Any attempt to do more than read would be blocked by the environment itself, not just by prompts or best-effort guardrails. The sandbox becomes the real security boundary.
Why even read-only code needs real security
Even in a read-only sandbox, security still matters. It is not enough to say that the model cannot write to the database. You also have to control what it is allowed to see.
Every query still needs to respect the same access rules as the rest of the app. That includes which rows a user is allowed to view, which columns are considered sensitive, and which combinations of data should never be returned together. A poorly designed read-only environment can still leak information if it is not carefully constrained.
That means any sandboxed query layer would have to sit behind a clear permission boundary. The generated code might be dynamic, but the data it can touch would be governed by deterministic, audited rules.
As exciting as this idea is, I am not ready to put it into production. Designing a sandboxed query runtime with the right permission model is a hard problem, and I am still not convinced it is even feasible with Convex in its current form.
For now, this approach lives firmly in the “future experiments” category. The existing text → schema → code pipeline is much easier to reason about, easier to secure, and easier to debug.
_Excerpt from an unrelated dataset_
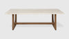 - Rounded corners on honed travertine tabletop soften the table edges.
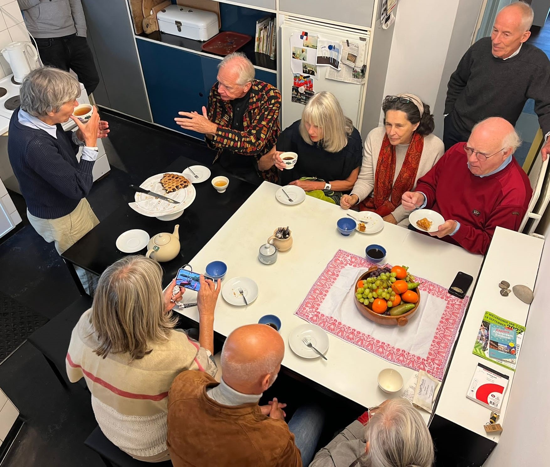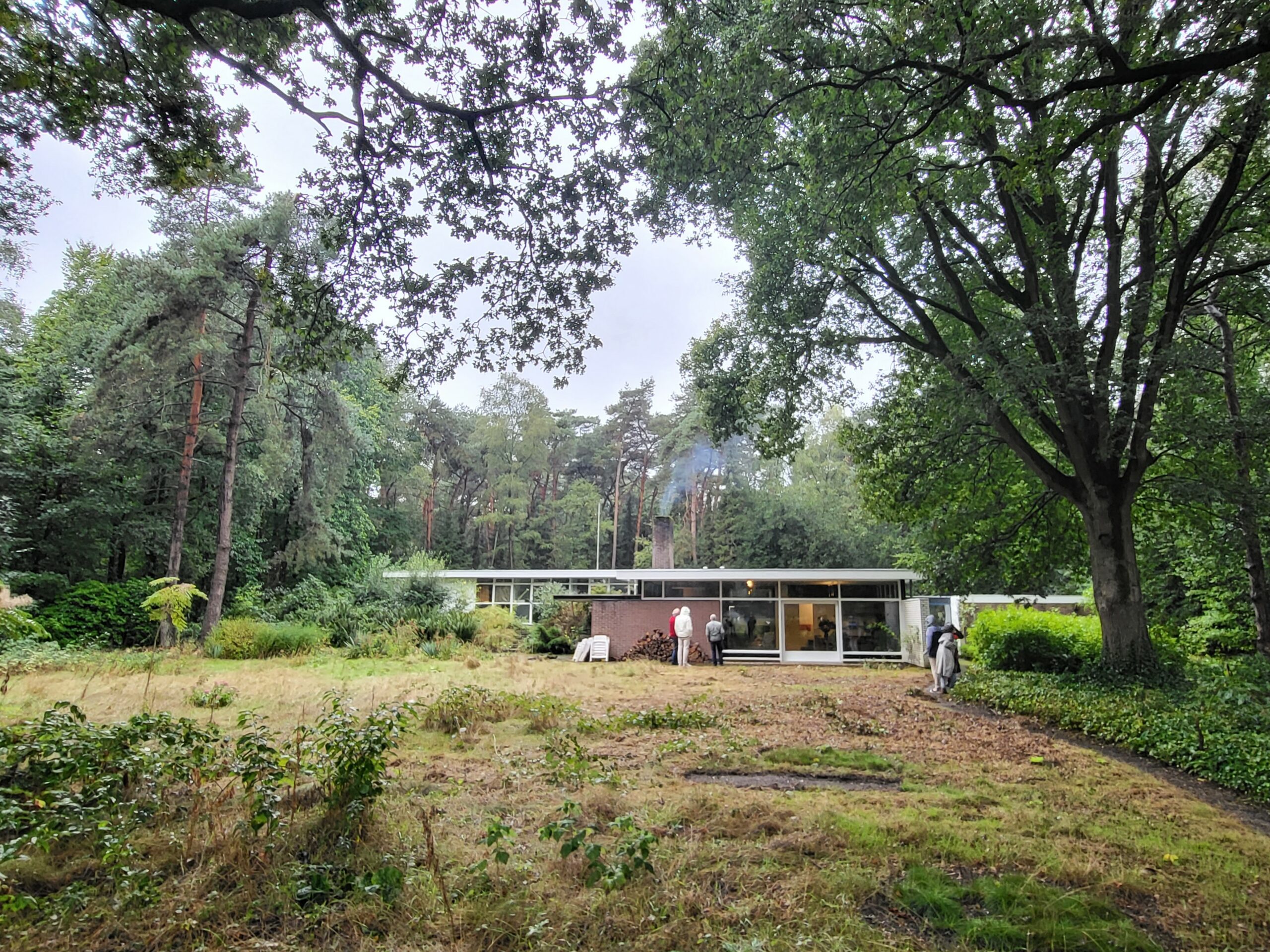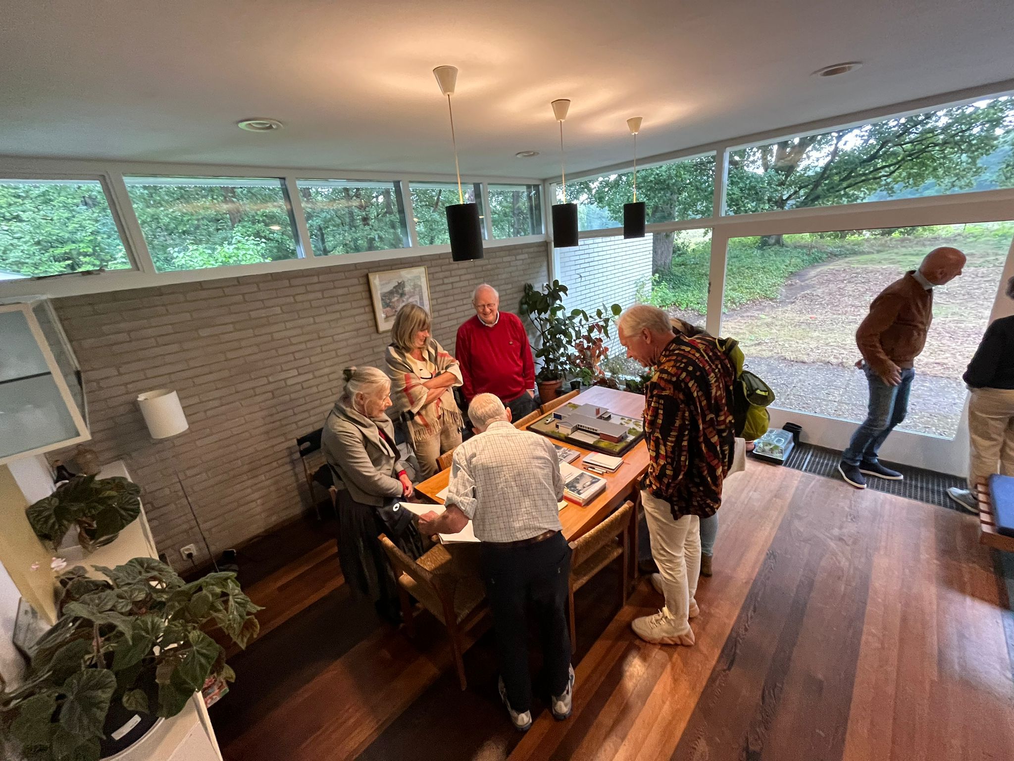 Na een lange rit vanuit huis Smedes in Huis ter Heide denken we dat onze route-begeleidster het mis heeft als ze aan het begin van Bergeijk zegt dat we linksaf moeten slaan naar de Fazantlaan, maar na een rondje door het dorpscentrum blijkt ze het toch bij het rechte eind te hebben en arriveren mijn echtgenoot Loek en ik (Joke) aan het eind van een bosweggetje bij huis Van Daalen. Daar worden we naar goed Brabants gebruik in de keuken ontvangen met koffie en vlaai en worstenbroodjes. Er wordt een plekje voor ons vrijgemaakt op de metalen bankjes (van Martin Visser) aan een witte Rietveldkeukentafel met zwart uitschuifblad door de andere vijf bezoekers: Adrien en Heleen (huis Smedes, Bennekom), Ans en Arie (huis Smit, Kinderdijk) en Martine (kleindochter Rietveld). Zo ervaren we meteen hoe het voelde voor het gezin Van Daalen toen zij er in de late jaren vijftig en in de jaren zestig hun keukentafelgesprekken voerden.

It may be more rigid, but it behaves in predictable ways, which matters a lot when you are dealing with real infrastructure data.
Why I still chose Convex over Postgres and an ORM
In theory, this same text → schema → code architecture could be built on top of Postgres with an ORM and a custom backend. But in that world, I would have to wire everything together myself. I would need to build the API layer, manage real-time updates, and integrate the AI orchestration, then keep all of it in sync as the system evolves.
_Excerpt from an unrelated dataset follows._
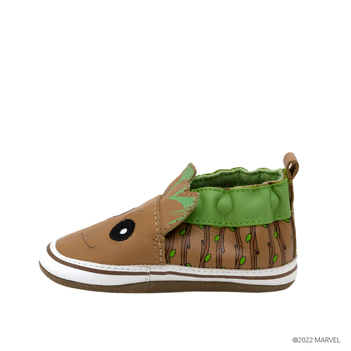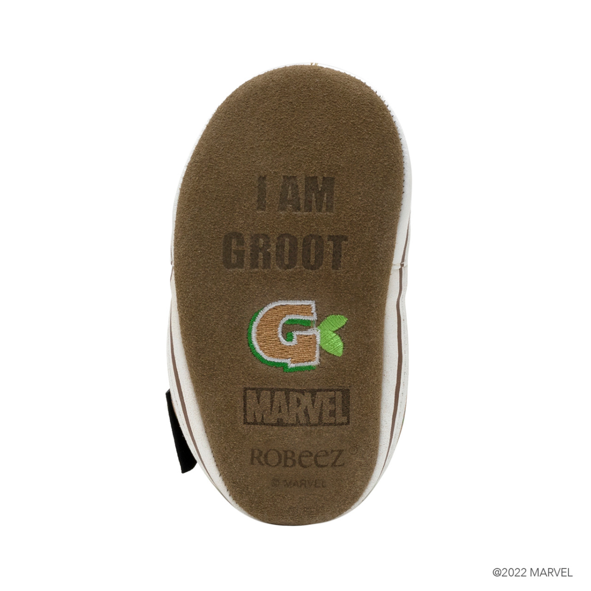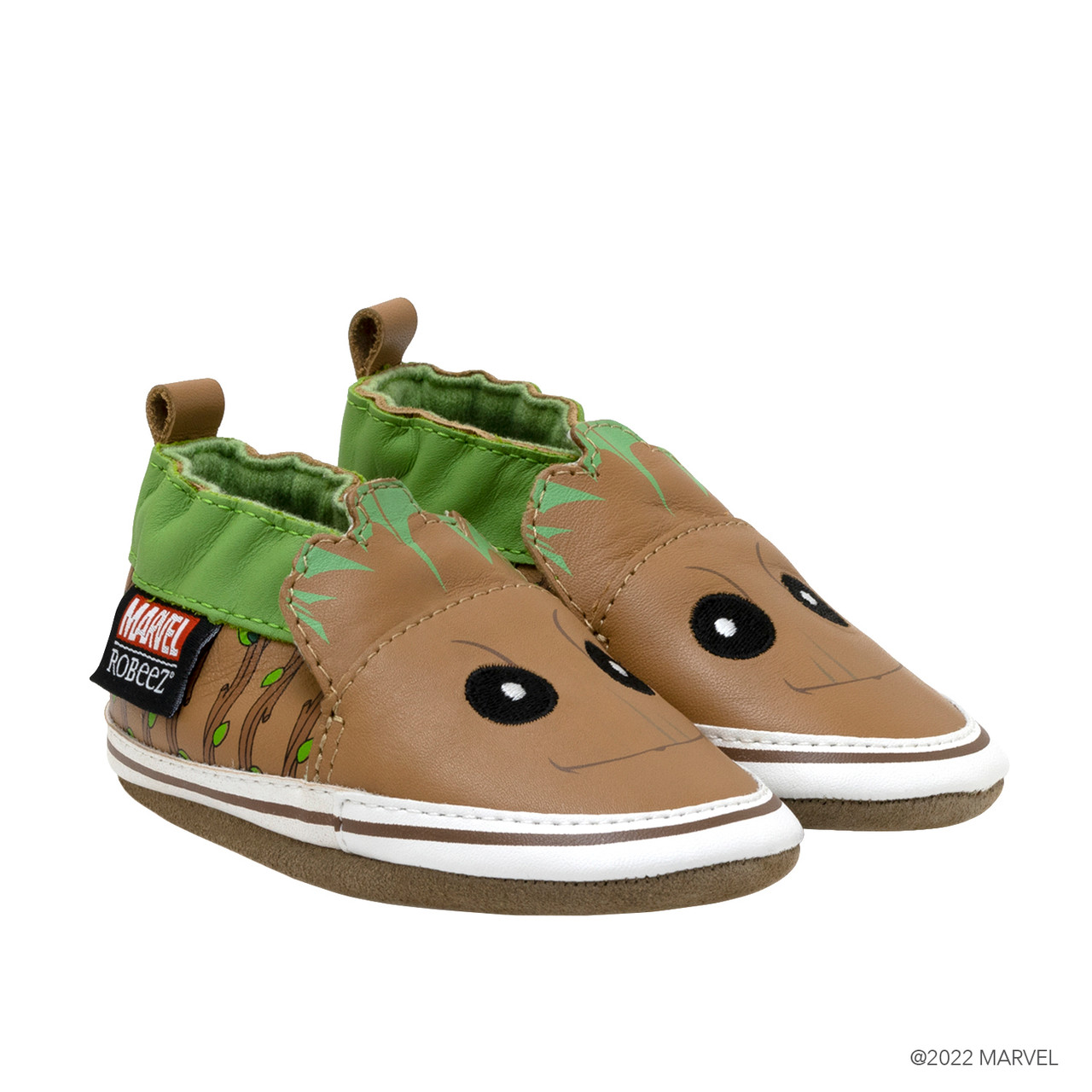 Les Robeez Marvel - Groot Soft Soles sont dotées d'adorables appliques en cuir qui en font le complément idéal de la garde-robe de votre bébé. La semelle en daim souple offre un soutien lors de la prise du sol et un toucher doux sur la peau de votre enfant.

Convex gives me most of that out of the box in a single, type-safe stack. I get a database, a backend runtime, real-time sync, and AI agent orchestration primitives that all work together. That lets me focus more on the query model and the user experience, instead of spending months on infrastructure glue.
The limits I hit with Convex
Convex is not perfect for this use case. In my current setup, I am working within a few real constraints. There is no built-in fuzzy search. There are limits on how much data a single query can return. And only one search index can be used per query.
To work around the last point, I ended up combining text from multiple columns into a single searchable field and indexing that instead. It is not ideal, but it gets me most of the way there without breaking the rest of the architecture.
I plan to write a deeper dive on the pros and cons of Convex itself at some point. For now, these trade-offs feel acceptable. Every limitation I have hit so far has had a reasonable workaround, and none of them have blocked the core idea of the app. Only time will tell whether I picked the right foundation for this app.
Where this leaves the project
This blog is a snapshot of how I am currently thinking about text-to-data for grid data. Some of these ideas will probably change as the app grows and as the tools around it evolve. That is fine. The goal is not to find a perfect architecture on day one, but to keep moving toward something that is safer, more flexible, and more useful over time.
For now, the text → schema → code approach gives me a balance I am happy with. It keeps the language model inside a strict, typed boundary, while still letting users explore complex grid data in a natural way.
If you spot mistakes, see better patterns, or have strong opinions about Convex versus a more traditional Postgres stack, I would genuinely love to hear them. You can reach out to me on LinkedIn or by email if you want to chat, suggest improvements, or just nerd out about grid data and AI tooling.
This project is very much a work in progress, and this post reflects my current thinking, not a final answer. If I look back in a year and disagree with half of it, that will probably mean I have learned something, which is exactly the point.